Q.

I read with interest all 3 of the referenced WinForms multi-threading articles.  One issue that concerned me while reading these articles was the performance of an architecture using Invoke versus synchronization locks. I wrote an application to test this performance and achieved the following results.

Synch

Run Number (Time in milliseconds)

 

 

 

Method

1

2

3

4

5

Ave

Penalty

None

312

328

312

328

312

318.4

1.00

Lock

531

500

515

500

515

512.2

1.61

Invoke

98953

101718

99796

99437

99453

99871.4

313.67

This test would seem to indicate that there is a substantial penalty involved in calling the Control.Invoke method.

Asked by Ian Silverstone. Answered by the Wonk on March 3, 2003

A.

You're absolutely right, Ian. Calling Control.Invoke has a great deal more overhead than not calling it, just as accessing shared data between threads without a lock is faster than using a lock. However, when you avoid calling Control.Invoke and access UI objects directly from the UI thread, you're writing incorrect code that could cause stability problems in your application.
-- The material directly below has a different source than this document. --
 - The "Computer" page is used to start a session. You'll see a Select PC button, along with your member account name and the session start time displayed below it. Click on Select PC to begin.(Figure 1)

The problem is that a "window" object in the underlying Windowing API in Win32, as represented by the HWND handle, has thread-affinity. It *must* be directly accessed only from the thread that created it. If it's not, the results are undefined and can cause subtle, intermittent bugs. The exact same thing could happen if you access shared data between two threads. Most of the time, it will work, but sometimes, in ways that are hard to predict or reproduce, it will fail, which is why multi-threaded code is so hard to write.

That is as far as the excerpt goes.